**ACTION ITEM**
Transcribe word for word the section of the records below that opens with the line containing "مرحله ۵. گزینه" and closes with the line containing "Dr. Seuss The"; drop every picture.

**RECORD EXTRACTS**
»»

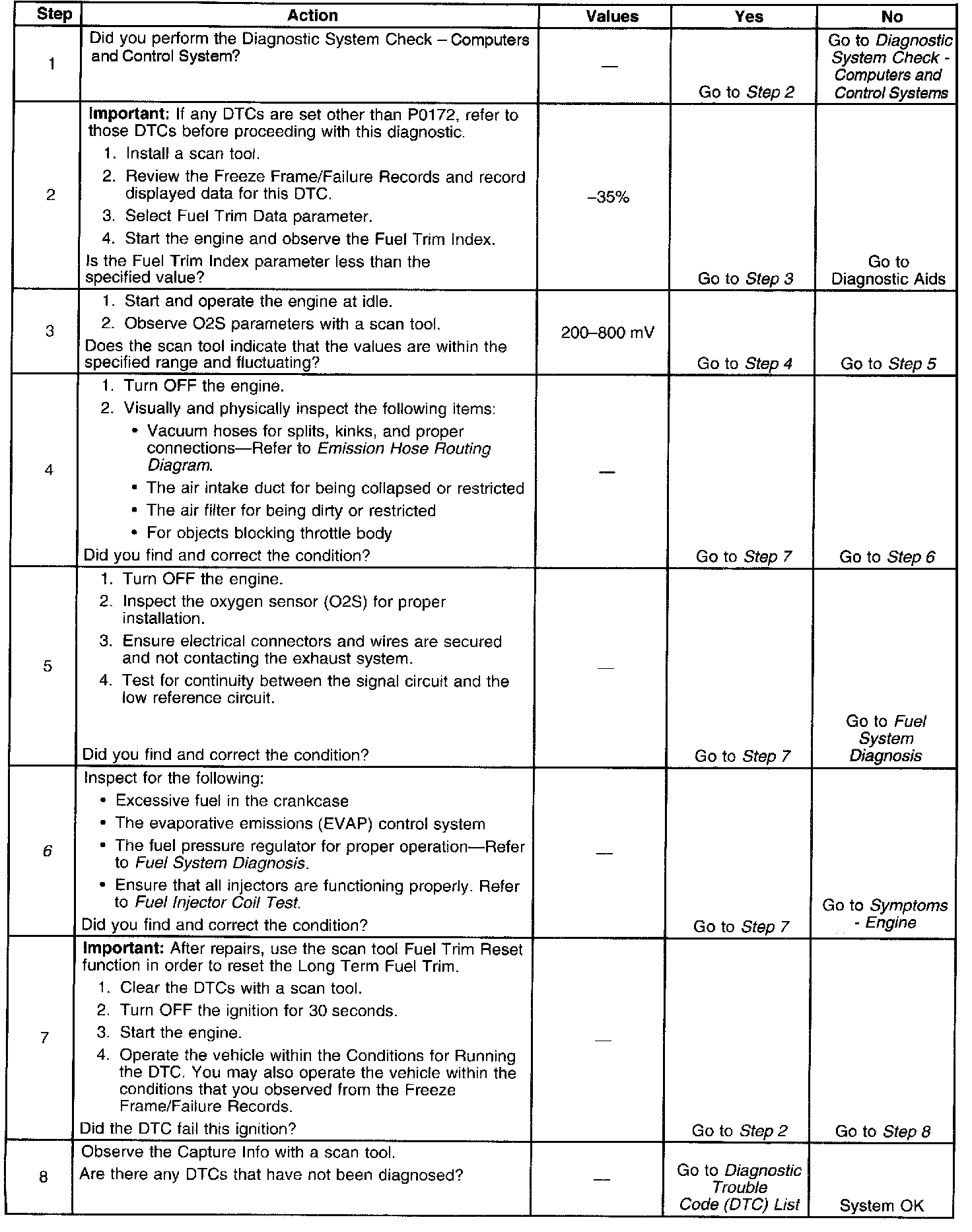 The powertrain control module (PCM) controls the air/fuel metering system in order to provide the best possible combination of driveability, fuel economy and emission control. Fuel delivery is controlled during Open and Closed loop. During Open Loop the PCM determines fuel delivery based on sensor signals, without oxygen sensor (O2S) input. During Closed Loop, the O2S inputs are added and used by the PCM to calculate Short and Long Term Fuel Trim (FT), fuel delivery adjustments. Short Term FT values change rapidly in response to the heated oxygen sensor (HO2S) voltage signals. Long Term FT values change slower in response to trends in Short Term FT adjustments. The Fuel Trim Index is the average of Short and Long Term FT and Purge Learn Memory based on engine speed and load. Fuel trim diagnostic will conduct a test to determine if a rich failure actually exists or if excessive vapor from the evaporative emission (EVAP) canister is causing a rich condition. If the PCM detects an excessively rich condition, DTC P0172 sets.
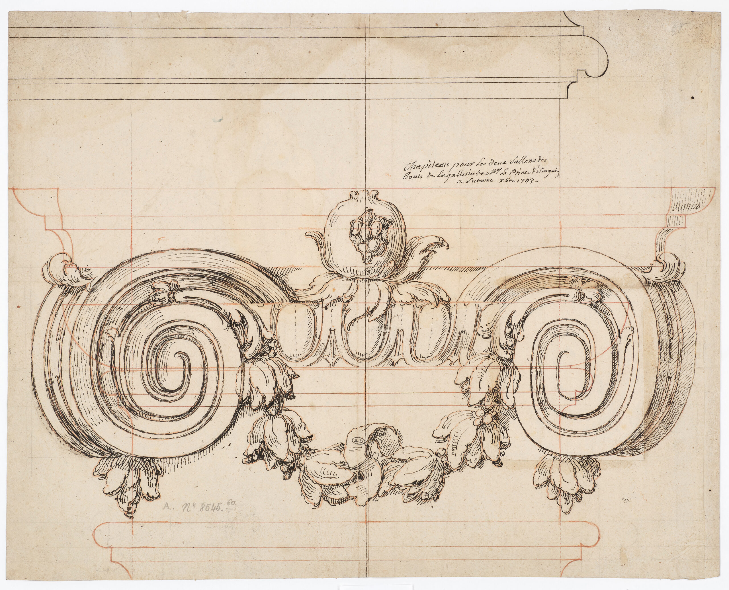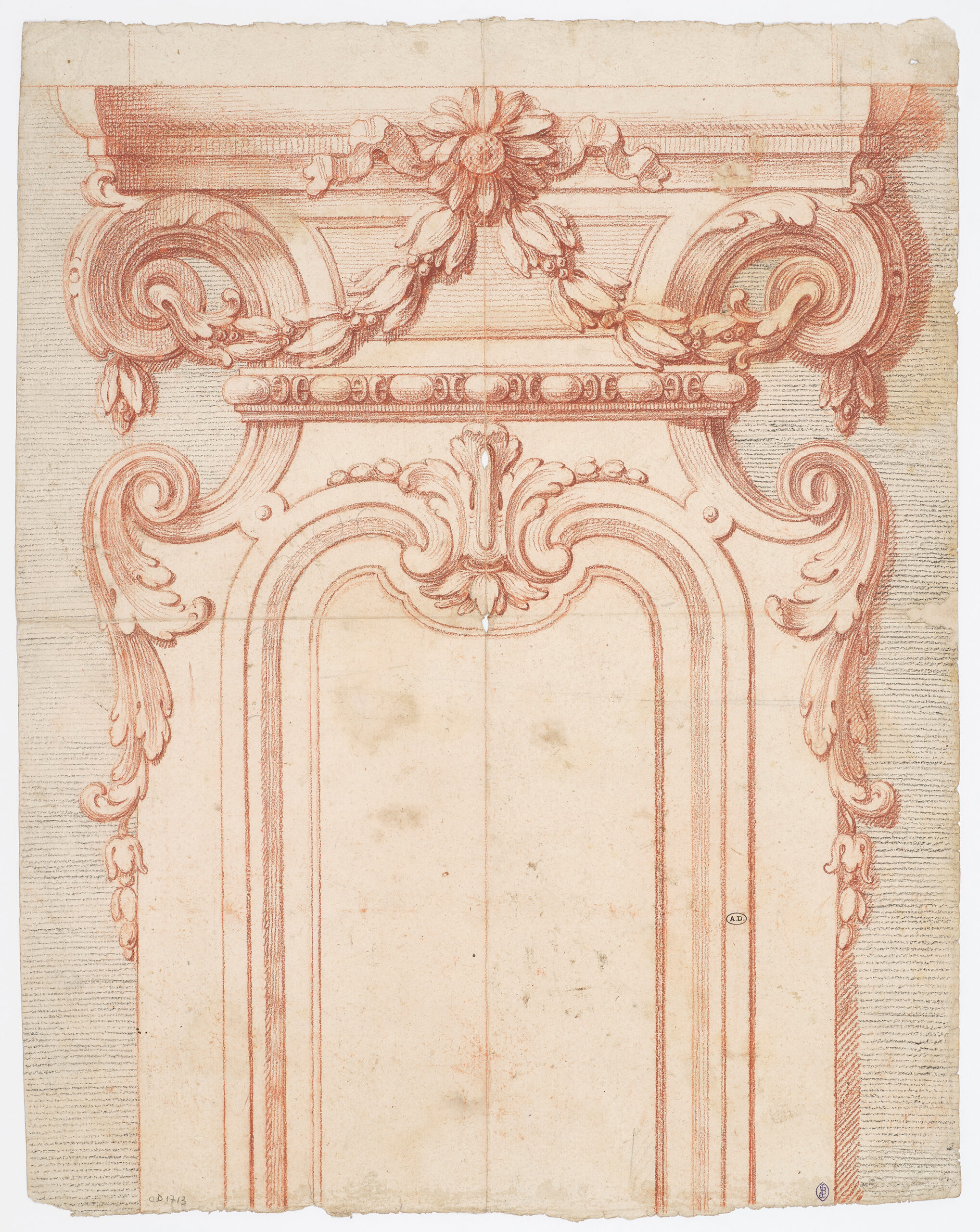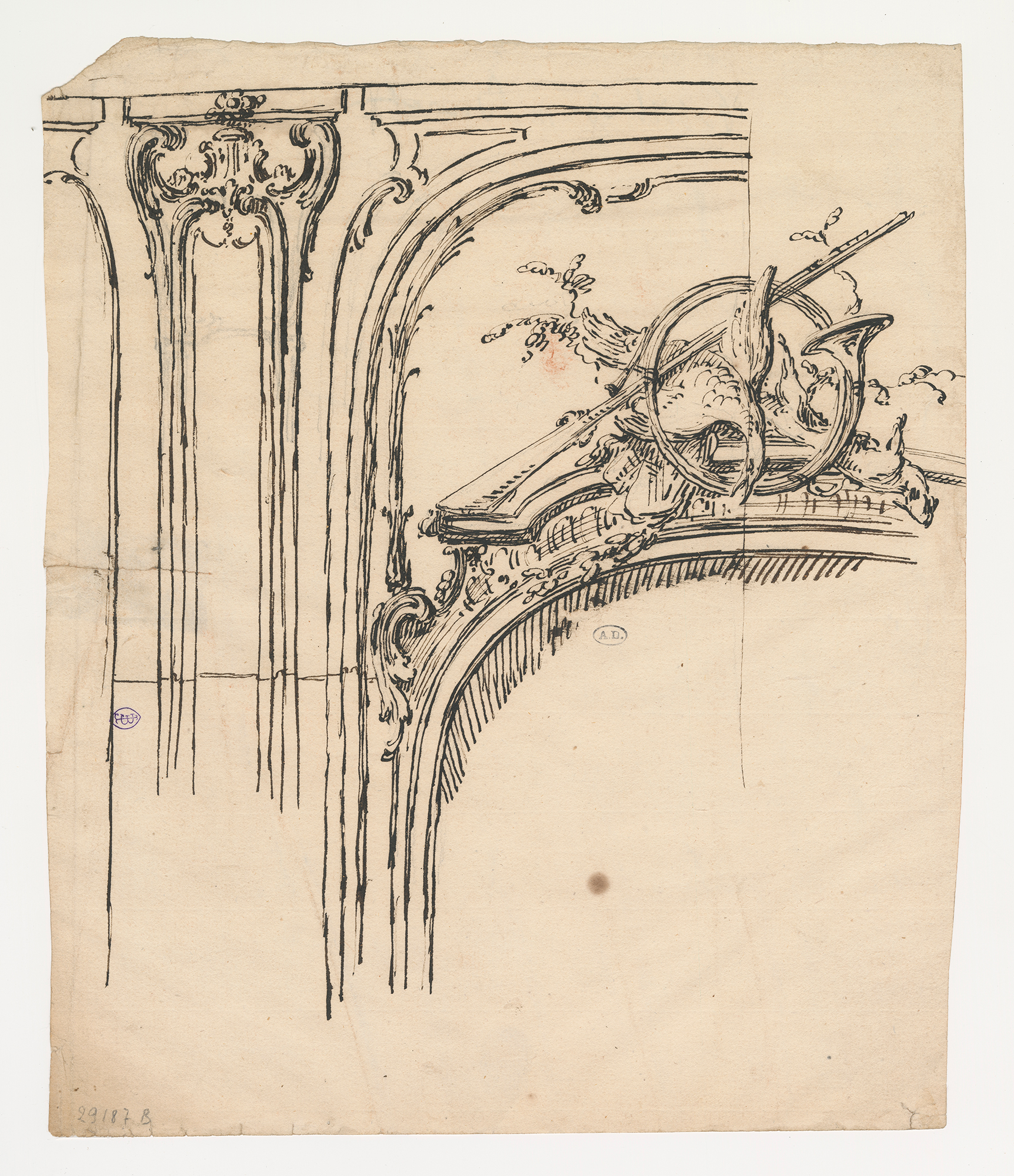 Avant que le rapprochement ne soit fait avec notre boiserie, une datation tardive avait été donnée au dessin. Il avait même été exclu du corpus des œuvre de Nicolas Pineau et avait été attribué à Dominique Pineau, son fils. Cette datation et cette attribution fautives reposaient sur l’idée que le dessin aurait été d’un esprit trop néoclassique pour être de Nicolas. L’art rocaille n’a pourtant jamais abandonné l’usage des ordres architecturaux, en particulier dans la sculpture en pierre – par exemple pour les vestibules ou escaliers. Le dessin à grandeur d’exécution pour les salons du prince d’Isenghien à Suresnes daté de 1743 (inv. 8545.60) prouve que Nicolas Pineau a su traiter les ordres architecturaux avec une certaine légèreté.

««
»»

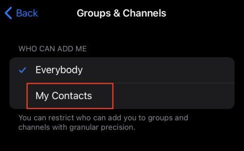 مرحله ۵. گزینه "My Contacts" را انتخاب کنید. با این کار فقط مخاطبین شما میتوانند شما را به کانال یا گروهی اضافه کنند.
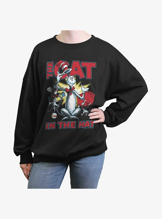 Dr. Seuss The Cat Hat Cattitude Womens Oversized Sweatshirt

««

**SOLUTION TO THIS EXERCISE**
 مرحله ۵. گزینه "My Contacts" را انتخاب کنید. با این کار فقط مخاطبین شما میتوانند شما را به کانال یا گروهی اضافه کنند.
 Dr. Seuss The Cat Hat Cattitude Womens Oversized Sweatshirt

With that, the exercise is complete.